Massive GPU compute savings

In production chatbot deployments, 60–80% of all input tokens are shared prefixes (system prompts, conversation history). Prefix caching eliminates prefill for all of them. On a busy server, this can reduce total GPU compute by half.

Higher throughput at no hardware cost

Fewer prefill operations per request means the GPU spends more time on decode — actually generating tokens. The same hardware serves more requests per second. This is free throughput improvement through smarter memory management.

Enables longer contexts affordably

Without prefix caching, long system prompts and RAG contexts make every request expensive. With it, the cost is paid once and amortised across all requests that share that context. 10,000-token system prompts become practically free after the first hit.

Things beginners get wrong about prefix caching

✗ Myth 1 — "Prefix caching works for any matching tokens, anywhere in the prompt"
Reality: Prefix caching only works for a continuous prefix from the very start of the prompt. If request A starts with "You are a helpful assistant. [2000 tokens]" and request B starts with the same string, the prefix cache hits. But if request B has the same 2,000 tokens buried in the middle of a different prompt, there is no cache hit. The match must start at token 0 and proceed continuously — because transformer attention is causal and the KV data for each block depends on all previous blocks being identical.
✗ Myth 2 — "A cache hit means the response is pre-computed"
Reality: A cache hit means the prefill phase for the matching tokens is skipped — the KV data for those tokens already exists. The model still has to run the full decode phase to generate the response. The cache hit saves the TTFT cost of processing the shared prefix, but the response itself is generated fresh every time. No response is ever "pre-computed" — only the context processing is cached.
✗ Myth 3 — "Prefix caching uses a separate cache from the KV cache"
Reality: Prefix caching is not a separate cache — it's a smarter allocation strategy on top of the same pre-allocated KV cache tensor → Ch.03. The physical blocks live in exactly the same GPU memory. The only addition is the hash_to_block Python dictionary on the CPU that maps token fingerprints to block IDs. There is no additional GPU memory usage — just a small CPU-side metadata structure that makes existing blocks reusable.

Quiz

Three questions on prefix caching. Wrong answers explain exactly where the reasoning broke down.

1. Request A has a 512-token system prompt followed by a 50-token user query. Request B arrives with the same system prompt but a completely different 50-token query. How many tokens does Request B need to prefill?

2. Why does nano-vLLM use xxhash specifically, rather than a simpler method like comparing token arrays directly?

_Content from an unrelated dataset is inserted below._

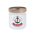 The jar comes with a durable wood lid that not only provides a secure seal but also adds a touch of warmth and natural beauty to the overall design. The lid helps to preserve the freshness and quality of the stored items while keeping them easily accessible.

3. A block's reference count is currently 3. Two of the three requests that shared it have now finished. What happens to the block?

What you now know

Chapter 07 — Summary

Prefix caching skips prefill for shared tokens. Identical token blocks across requests are identified by their xxhash fingerprint. A cache hit means the KV data already exists — no prefill needed for those tokens.

A hash function is a content fingerprint. Same tokens → same hash, always. One token different → completely different hash. xxhash makes block lookup O(1) instead of O(256) per block.

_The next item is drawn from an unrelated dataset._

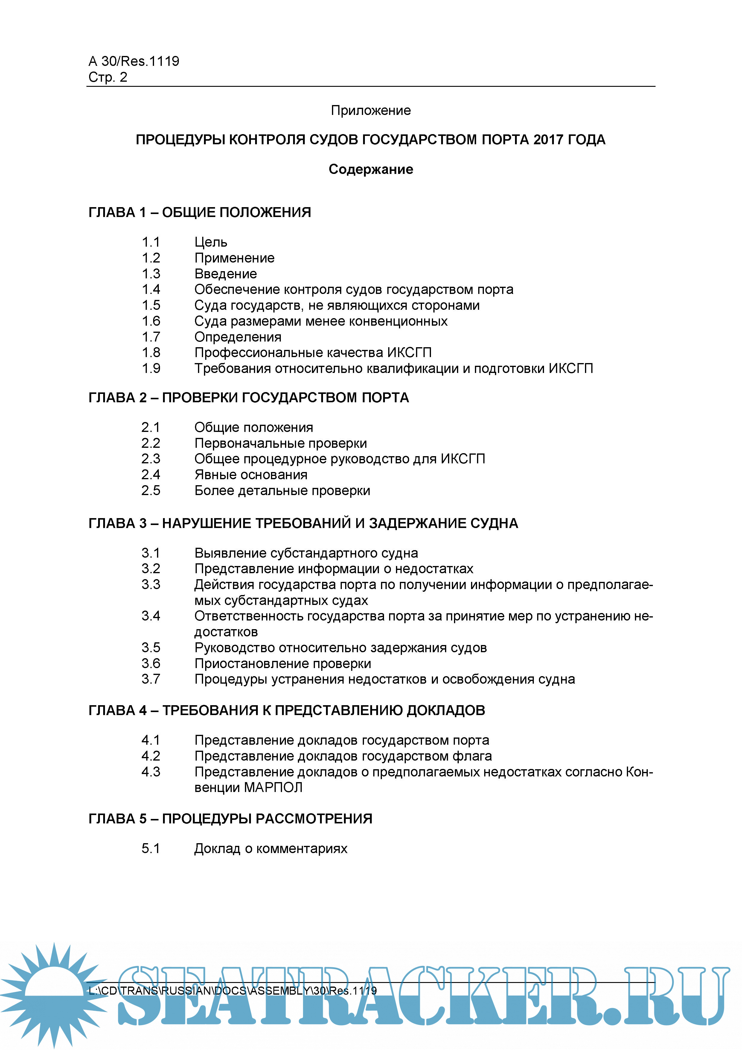Описание: Данный документ предназначен предоставить основы руководства по проведению контроля судов государством порта и обеспечению единообразия в проведении этих проверок, по выявлению несоответствий судна, его оборудования или его экипажа и в применении процедур контроля.

Only continuous prefixes hit the cache. Matching must start at token 0 and proceed without gaps. A shared middle section with different beginnings produces no cache hit, because the KV data depends on the full prior context.

Reference counting keeps shared blocks alive. A block used by 3 requests has ref_count=3. Only when all 3 finish and ref_count=0 is the block freed — preventing a finished request from breaking others still using that block.

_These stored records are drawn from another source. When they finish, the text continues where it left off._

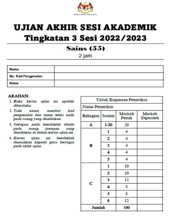 Tingkatan 3 Sains (Dwibahasa) UASA 2022/2023 (1 set)
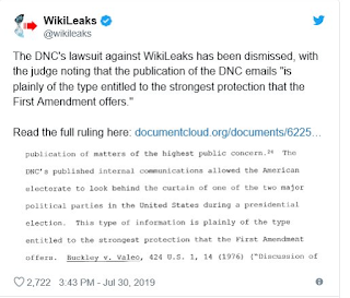 “Vụ kiện của DNC chống lại WikiLeaks đă bị bác bỏ, với thẩm phán lưu ư rằng việc đăng các email của DNC ‘rơ ràng thuộc loại được bảo vệ mạnh mẽ nhất mà Tu Chính án số Một cung cấp.”
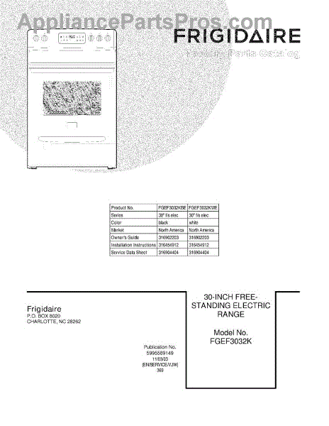Frigidaire Range Parts

TTFT improvement can be dramatic. A 2,000-token system prompt goes from ~700ms TTFT to ~90ms on a cache hit. In production deployments where 60–80% of tokens are shared prefixes, prefix caching can halve total GPU compute.

No extra GPU memory required. Prefix caching reuses existing KV cache blocks with a small CPU-side dictionary. The physical storage is the same pre-allocated tensor — only the allocation strategy is smarter.